Le dialogue stratégique d’Ottawa avec Moscou pourrait commencer par des efforts visant à identifier les éléments communs aux visions respectives des deux pays en matière de développement et de stabilité en Asie. Étant donné l’intérêt du Canada pour l’approfondissement de ses relations économiques avec l’Asie, il pourrait s’agir d’explorer comment la Russie envisage le rôle de son Union économique eurasienne (UEE) dans l’architecture commerciale de la région et si elle pourrait être intégrée à tout effort futur d’harmonisation des blocs commerciaux régionaux existants, y compris l’Accord de Partenariat transpacifique global et progressiste (PTPGP) et le Partenariat économique régional global récemment signé. L’exploration des possibilités pour les entreprises et les représentants canadiens de renforcer le fédéralisme et le développement économique dans l’Extrême-Orient russe représente un autre intérêt stratégique commun potentiel, car cela consoliderait davantage la répartition multipolaire du pouvoir en Asie.

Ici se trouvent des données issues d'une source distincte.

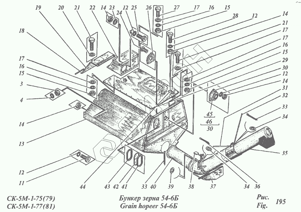 Графический каталог запасных частей к технике: РСМ CK-5М-1 «Нива». Бункер зерна 54-6Б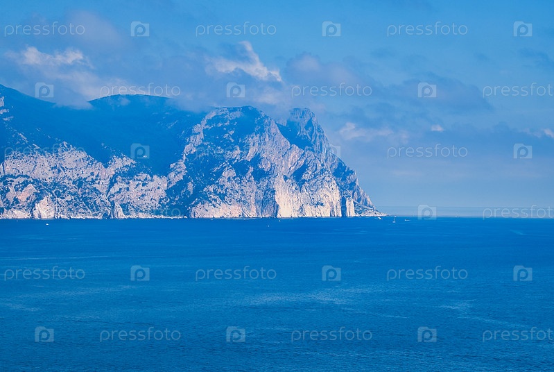 Морской пейзаж с горами на горизонте

Bordant trois des quatre vecteurs cardinaux du Canada, la Russie représentera des défis stratégiques – et des possibilités – pour le Canada, et ce, peu importe qui siège au Kremlin. Or, c’est précisément sa quasi-ubiquité qui fait de la Russie le candidat idéal avec lequel le Canada peut explorer des méthodes de désagrégation de ces vecteurs pour se préparer au monde « multi-ordre » qui s’annonce. Le Canada a déjà une certaine expérience dans ce domaine, puisqu’il s’est efforcé au cours des dernières décennies d’isoler les affaires arctiques des conflits géopolitiques sur d’autres théâtres. Dans un monde de plus en plus décentré, ce n’est qu’en embrassant le caractère distinctif de chaque vecteur que le Canada pourra compenser son isolement géographique, accroître son influence mondiale et intégrer des approches régionales divergentes dans un ensemble stratégique cohérent.